- _Work to complete_: Lines with the string "programme" must each be copied from the listing.

- _Given data_:
►

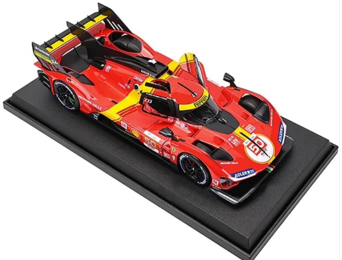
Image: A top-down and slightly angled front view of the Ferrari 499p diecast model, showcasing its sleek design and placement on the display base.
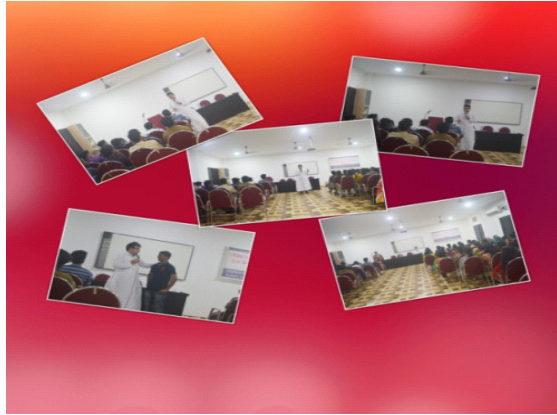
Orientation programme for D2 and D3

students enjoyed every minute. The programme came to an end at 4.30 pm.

◄
►

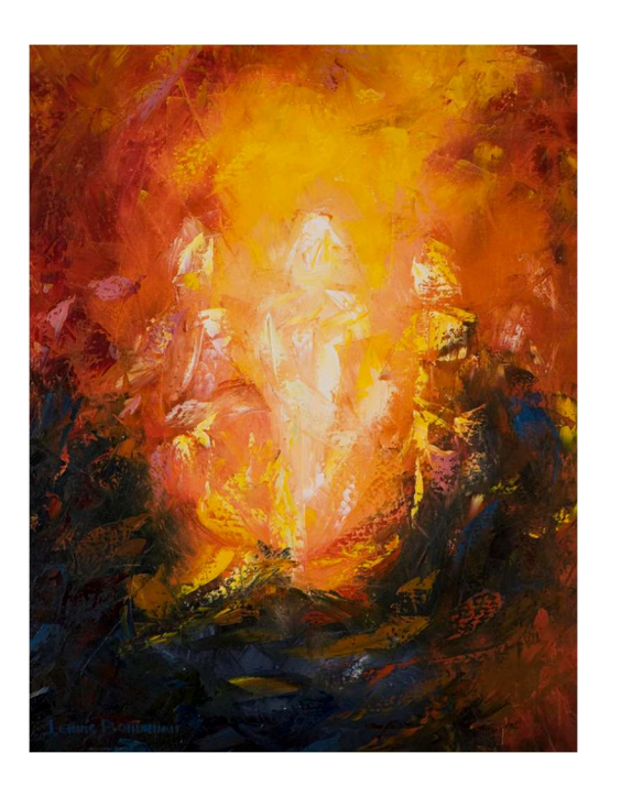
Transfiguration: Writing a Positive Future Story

◄

- _Response_:
Orientation programme for D2 and D3
students enjoyed every minute. The programme came to an end at 4.30 pm.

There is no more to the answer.